The past 20 years have brought many new ways to treat RA, and there are more around the corner. Here's how the face of treatment has changed.
Then: Twenty years ago, your doctor told you to take over-the-counter or prescription drugs to relieve pain and reduce inflammation. You got a corticosteroid shot. The doctor waited to prescribe stronger medicines -- and choices were limited back then -- until your RA got worse. The approach was to treat flares, not the disease itself.
Now: You and your rheumatologist tackle RA head-on -- and early. You’ll take powerful medicine from the start -- prescription drugs that work to stop the disease before it causes major damage. There are several to choose from or combine if the first ones don’t work.
Three Categories of Drugs
The formula for treating RA often is a mix. Doctors draw from three main groups of FDA-approved medicines:
1. Nonsteroidal anti-inflammatory drugs (NSAIDs) ease pain and inflammation. Some, like ibuprofen and naproxen sodium, are over-the-counter drugs. You need a prescription for others, including a kind called COX-2 inhibitors, which can be easier on your stomach.
2. Corticosteroids, including prednisone, act quickly to control inflammation. These strong drugs have strong side effects, so doctors limit the dose and how long you take them.

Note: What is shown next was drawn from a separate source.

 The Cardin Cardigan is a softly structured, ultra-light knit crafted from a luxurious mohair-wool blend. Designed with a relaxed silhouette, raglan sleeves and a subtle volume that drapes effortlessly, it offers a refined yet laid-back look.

3.Disease-modifying antirheumatic drugs (DMARDs) can alter the course of RA and prevent joint and tissue damage. They block the effects of chemicals released when your immune system mistakenly attacks your joints. Methotrexate is usually the first DMARD prescribed, often as soon as someone is diagnosed. Doctors now know that a delay might make your RA worse.
Thanks to genetics research, many new drugs to treat RA have come online in the past 20 years. Before then, DMARDs were manmade. Most of the newest drugs are biologics, which are made from a living organism and include antibodies, interleukins, and vaccines. These potent copycats may stop an overactive immune system.

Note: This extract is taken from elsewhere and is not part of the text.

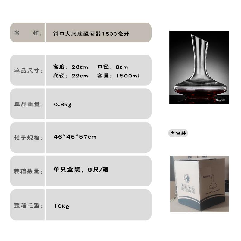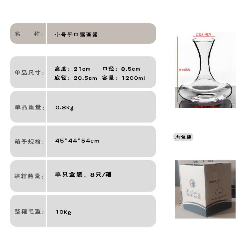 Three-carat decanter 1100 ml, Beveled large base decanter 1500 ml, Small Flat Mouth Decanter

Because these drugs target specific steps in the inflammation process, they don’t wipe out your entire immune system, as some other RA treatments do. For many people, a biologic drug can slow, modify, or stop the disease -- even when other treatments haven’t helped much.
The first of a new kind of DMARD, Jakinibs or JAK inhibitors, was approved in 2012. Sometimes called an “oral biologic,” this medicine is available as a pill rather than as a shot or an infusion, as with the other biologics. Jakinibs work from inside the cells to block the enzymes that alert the immune system to an invader.
While there are more choices than ever to treat RA, researchers also have found new promise in some old treatments.
Recent studies show that some of the first DMARDs -- hydroxychloroquine (Plaquenil), methotrexate (Otrexup, Rheumatrex, Trexall), and sulfasalazine (Azulfidine, Azulfidine EN-tabs) -- when combined, may work as well as methotrexate plus a biologic. This “triple therapy,” as it's called, gives you and your doctor another approach if methotrexate alone is not working. It's also an option if you're wary of biologics because of their side effects or high cost.
Promise for the Future
There’s still much to learn about why and how RA happens. Building on recent discoveries, areas under study include:
- Researchers are looking at genes to see why some people get RA and some don’t, and why some cases are worse than others. This data can lead to biologics -- like JAK inhibitors -- that fight the causes of RA at a cellular level. Several such drugs are in the works.
- Medical and dental researchers are revisiting the link between joint disease and gum disease.
Discoveries have made it possible for you to remain active and work much longer than was possible 20 years ago. Scientists are thinking about RA in exciting new ways, and the next generation of treatments shows great promise.